▶ [DATA SECTION]:
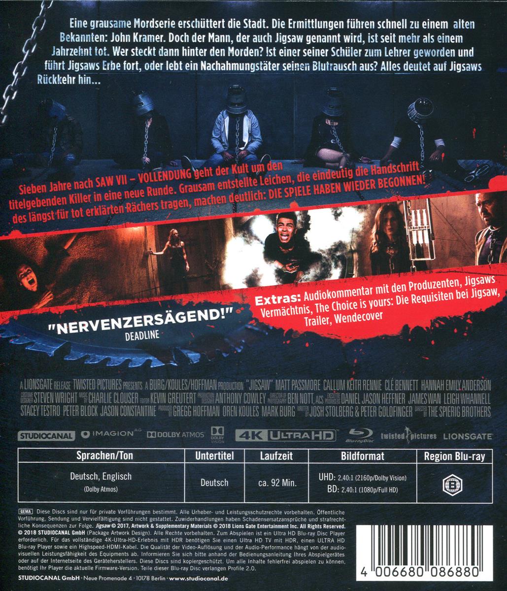 Enthält: Audiokommentar mit den Produzenten; "Jigsaws Vermächtnis"; "The Choice is yours: Die Requisiten bei Jigsaw"; Trailer;
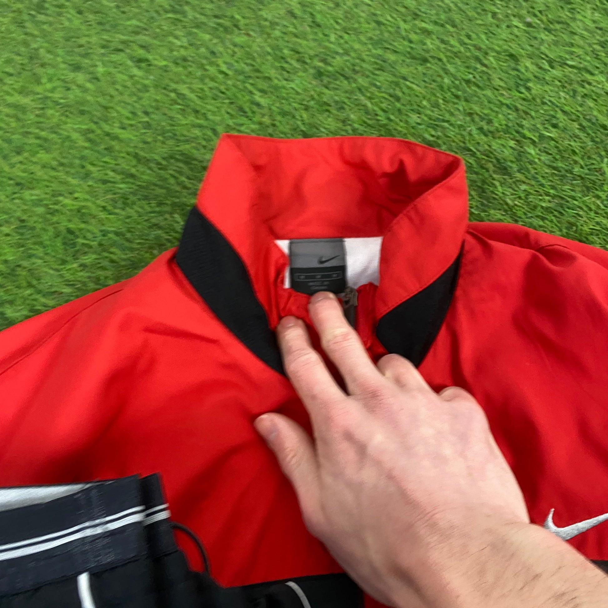 00s Nike Piping Windbreaker Jacket + Joggers Set Red Medium
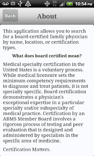The ABFM Physician Directory provides real-time information from the ABFM database regarding the board certification status of family physicians. As new ABFM board certification no longer show end dates, this app allow the user to determine if the family physician is currently board-certified. This app uses the city and state provided by each ABFM board-certified physician and is not necessarily the physician's city and state of practice.

▶ [TRY IT]:
Transcribe the listing word for word, but keep its pictures out of the copy.

▶ [OUTPUT FOR THIS EXERCISE]:
 Enthält: Audiokommentar mit den Produzenten; "Jigsaws Vermächtnis"; "The Choice is yours: Die Requisiten bei Jigsaw"; Trailer;
 00s Nike Piping Windbreaker Jacket + Joggers Set Red Medium
The ABFM Physician Directory provides real-time information from the ABFM database regarding the board certification status of family physicians. As new ABFM board certification no longer show end dates, this app allow the user to determine if the family physician is currently board-certified. This app uses the city and state provided by each ABFM board-certified physician and is not necessarily the physician's city and state of practice.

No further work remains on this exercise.